▶ _Work required_
Restate every line of the data word for word, except for the images.

▶ _Dataset section_
⁂

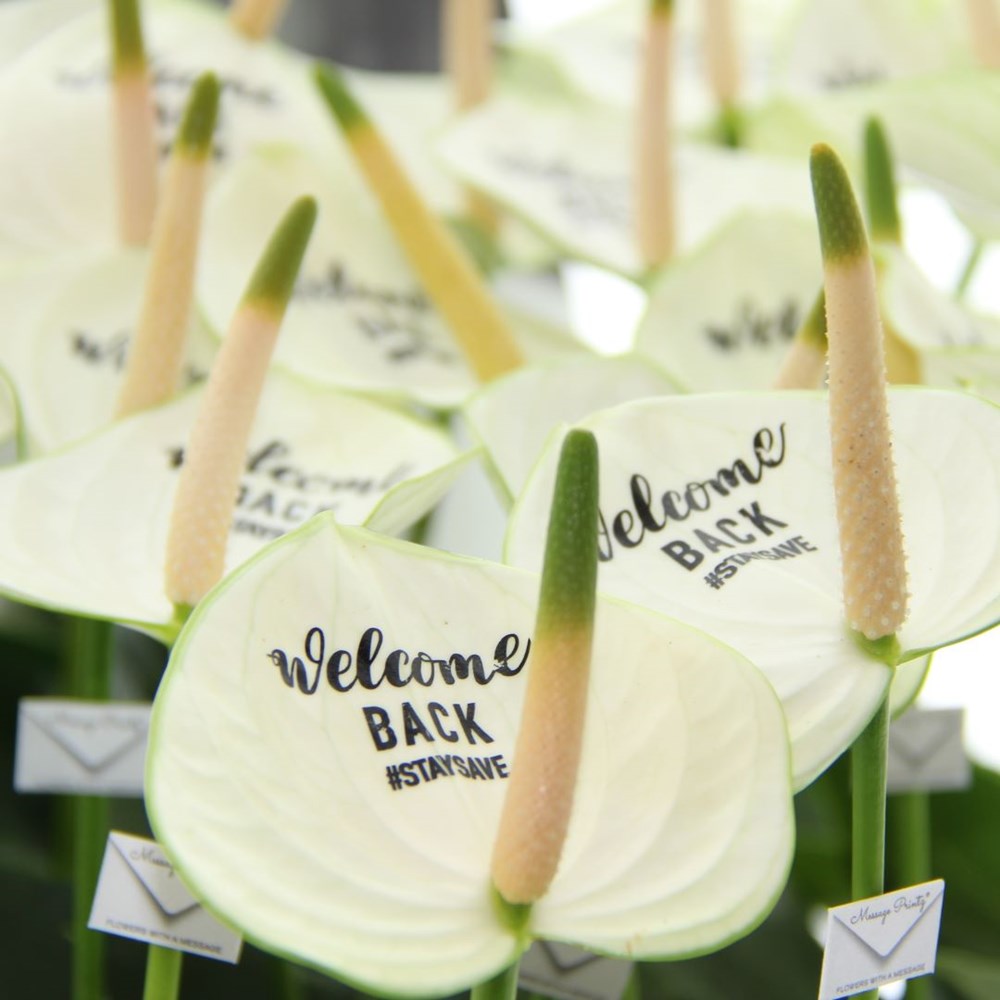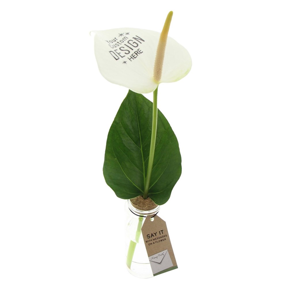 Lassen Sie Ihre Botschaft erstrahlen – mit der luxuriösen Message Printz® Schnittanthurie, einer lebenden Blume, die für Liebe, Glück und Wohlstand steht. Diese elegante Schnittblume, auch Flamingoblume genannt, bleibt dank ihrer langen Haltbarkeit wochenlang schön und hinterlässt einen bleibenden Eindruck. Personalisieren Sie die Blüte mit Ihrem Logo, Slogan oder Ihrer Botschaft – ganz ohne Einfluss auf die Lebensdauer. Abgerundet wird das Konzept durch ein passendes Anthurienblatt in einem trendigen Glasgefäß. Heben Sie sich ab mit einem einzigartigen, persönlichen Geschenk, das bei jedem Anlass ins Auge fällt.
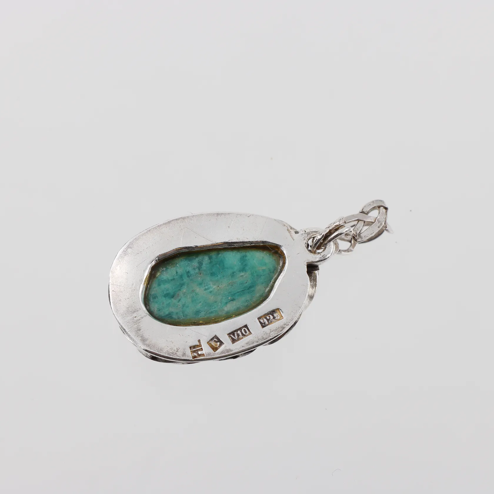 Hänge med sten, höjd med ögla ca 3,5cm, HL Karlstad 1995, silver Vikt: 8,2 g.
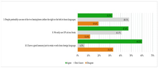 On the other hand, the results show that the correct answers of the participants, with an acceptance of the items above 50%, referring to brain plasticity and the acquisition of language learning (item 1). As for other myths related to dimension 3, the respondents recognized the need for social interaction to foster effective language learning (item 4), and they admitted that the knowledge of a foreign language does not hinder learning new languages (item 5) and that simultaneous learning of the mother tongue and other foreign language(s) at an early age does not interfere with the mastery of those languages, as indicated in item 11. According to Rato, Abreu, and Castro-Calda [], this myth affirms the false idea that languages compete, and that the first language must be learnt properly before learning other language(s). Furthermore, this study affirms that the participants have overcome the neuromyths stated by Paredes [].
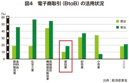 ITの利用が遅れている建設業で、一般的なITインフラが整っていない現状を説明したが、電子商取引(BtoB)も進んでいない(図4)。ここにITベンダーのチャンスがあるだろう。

⁂

▶ _Completed task_
 Lassen Sie Ihre Botschaft erstrahlen – mit der luxuriösen Message Printz® Schnittanthurie, einer lebenden Blume, die für Liebe, Glück und Wohlstand steht. Diese elegante Schnittblume, auch Flamingoblume genannt, bleibt dank ihrer langen Haltbarkeit wochenlang schön und hinterlässt einen bleibenden Eindruck. Personalisieren Sie die Blüte mit Ihrem Logo, Slogan oder Ihrer Botschaft – ganz ohne Einfluss auf die Lebensdauer. Abgerundet wird das Konzept durch ein passendes Anthurienblatt in einem trendigen Glasgefäß. Heben Sie sich ab mit einem einzigartigen, persönlichen Geschenk, das bei jedem Anlass ins Auge fällt.
 Hänge med sten, höjd med ögla ca 3,5cm, HL Karlstad 1995, silver Vikt: 8,2 g.
 On the other hand, the results show that the correct answers of the participants, with an acceptance of the items above 50%, referring to brain plasticity and the acquisition of language learning (item 1). As for other myths related to dimension 3, the respondents recognized the need for social interaction to foster effective language learning (item 4), and they admitted that the knowledge of a foreign language does not hinder learning new languages (item 5) and that simultaneous learning of the mother tongue and other foreign language(s) at an early age does not interfere with the mastery of those languages, as indicated in item 11. According to Rato, Abreu, and Castro-Calda [], this myth affirms the false idea that languages compete, and that the first language must be learnt properly before learning other language(s). Furthermore, this study affirms that the participants have overcome the neuromyths stated by Paredes [].
 ITの利用が遅れている建設業で、一般的なITインフラが整っていない現状を説明したが、電子商取引(BtoB)も進んでいない(図4)。ここにITベンダーのチャンスがあるだろう。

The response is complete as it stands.